И, где бы он ни был, он продолжал мутировать — в Леопольдвиле уж точно. Об этом нам говорят заметные различия между ZR59 и DRC60. Он продолжал эволюционировать.
Изучение эволюционной истории ВИЧ-1 — не просто праздное занятие. Его цель — понять, как одной линии вируса (группе M) удалось стать такой смертоносной и так широко распространиться среди людей. Поняв это, мы, возможно, сможем лучше контролировать катастрофические потери от СПИДа — изобретем вакцину или, по крайней мере, более эффективные методы лечения. Вот почему ученые — Беатрис Хан, Майкл Воробей и их коллеги — так внимательно исследуют молекулярную филогенетику ВИЧ-1, ВИЧ-2 и различных ВИО. Один из вопросов, на который они ищут ответа, звучит так: когда вирус стал вирулентным — до или после заражения человека от шимпанзе? Или, если проще: ВИОcpz убивает шимпанзе или просто живет в них безвредным пассажиром? Ответив на этот вопрос, можно узнать кое-что важное о том, как человеческие тела реагируют на ВИЧ-1.
Некоторое время после открытия ВИОcpz считалось, что для шимпанзе он безвреден — это древняя инфекция, которая когда-то вызывала симптомы, а теперь уже нет. Это впечатление подкреплялось еще и тем фактом, что в ранние годы исследования СПИДа более сотни шимпанзе получили экспериментальную инъекцию ВИЧ-1, но ни у одной из них иммунная система не отказала. Когда у единственного лабораторного шимпанзе все же развился СПИД (через десять лет после экспериментального введения сразу трех разных штаммов ВИЧ-1), это сочли настолько значительным событием, что посвятили ему шестистраничную статью в Journal of Virology. Ученые утверждали, что это хорошая новость, которая дает надежду, что шимпанзе действительно являются релевантной экспериментальной моделью (или, если проще, достаточно аналогичным человеку подопытным животным) для изучения СПИДа у людей. Было даже сообщение, основанное на генетическом анализе животных, содержавшихся в неволе в Нидерландах, что шимпанзе «пережили собственную похожую на СПИД пандемию» более двух миллионов лет назад[227]. Это, как считали авторы, позволило шимпанзе развить в себе генетические адаптации для сопротивления вирусу. Они все равно его переносят, но, судя по всему, не заболевают. Еще раз повторюсь: эта идея была основана на изучении шимпанзе, содержавшихся в неволе. Что же касается ВИО-положительных диких шимпанзе — никто не знал, страдают ли они от иммунодефицита. Исследовать такой вопрос очень сложно.

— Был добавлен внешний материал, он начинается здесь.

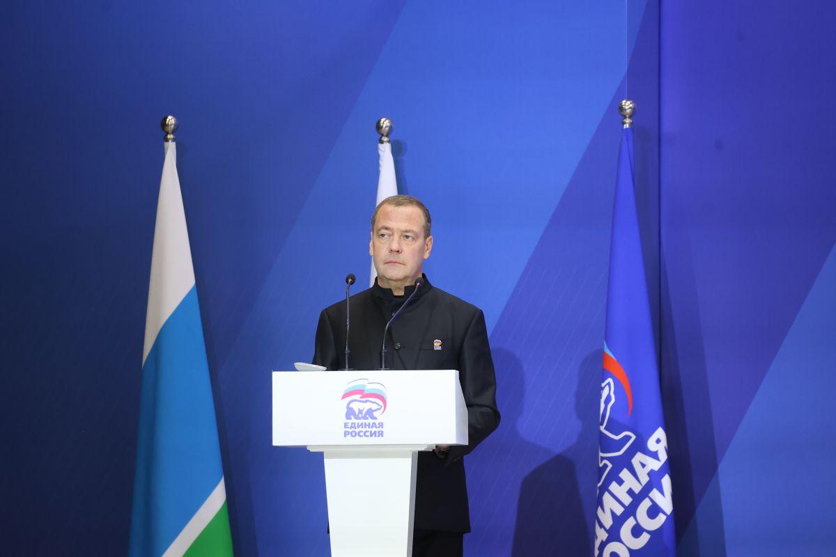 Зампредседателя Совбеза РФ, председатель "Единой России" Дмитрий Медведев уверен, что партия способна преодолеть любые проблемы и достичь целей, поставленных президентом
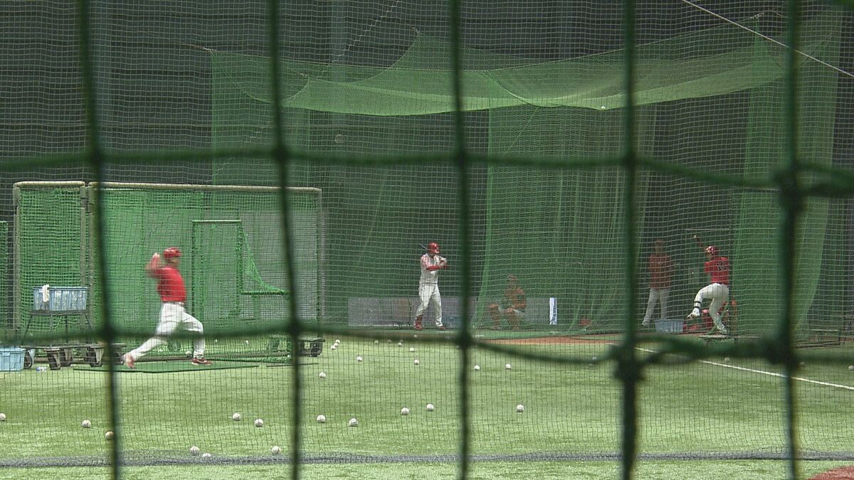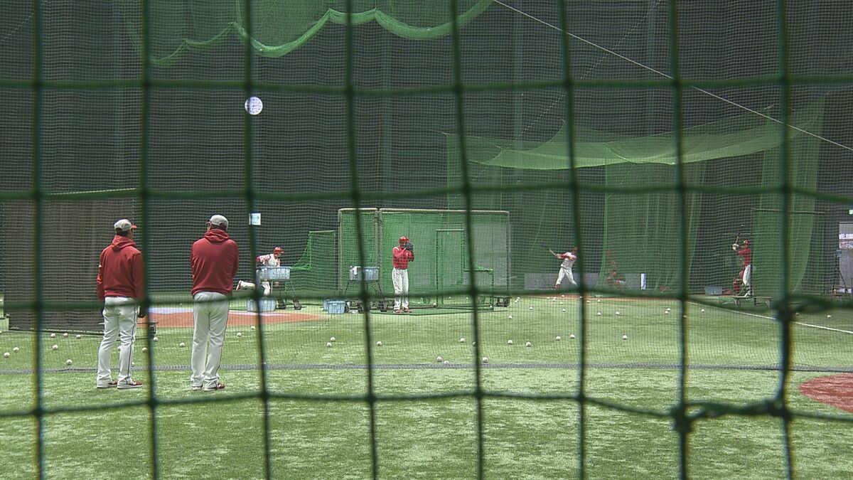 新井監督が見守る中、打撃練習を行う佐々木選手

Эти предположения и догадки согласовывались с доступной информацией о других вариантах вируса у других приматов. ВИО очень разнообразен и широко распространен; он является естественной инфекцией у более чем сорока различных видов африканских мартышек и обезьян. (Но, похоже, он уникален для этого континента. Некоторые азиатские приматы заражались вирусом в неволе, но вот у диких мартышек Азии и Южной Америки его обнаружить не удалось.) Большинство носителей ВИО в Африке — мартышки. Каждая мартышка переносит собственный вид ВИО, например, вирус большой белоносой мартышки обозначается ВИОgsn, верветки — ВИОver, красноголового мангабея — ВИОrcm, и так далее. Согласно доступным данным, ни один из этих ВИО не вызывает иммунодефицита у своих естественных носителей. Близкое эволюционное родство между двумя видами приматов, например, бородатой мартышкой и рыжехвостой мартышкой, которые относятся к роду Cercopithecus, обуславливает подобное близкое родство и их штаммов ВИО. Глубокие таксономические взаимосвязи и отсутствие заметных заболеваний привели ученых к выводу, что африканские мартышки являются носителями ВИО-инфекции очень долго, возможно, уже не один миллион лет. Такой временной промежуток объясняет и различия между вирусами, и вза-имоприспособление вирусов и их естественных носителей.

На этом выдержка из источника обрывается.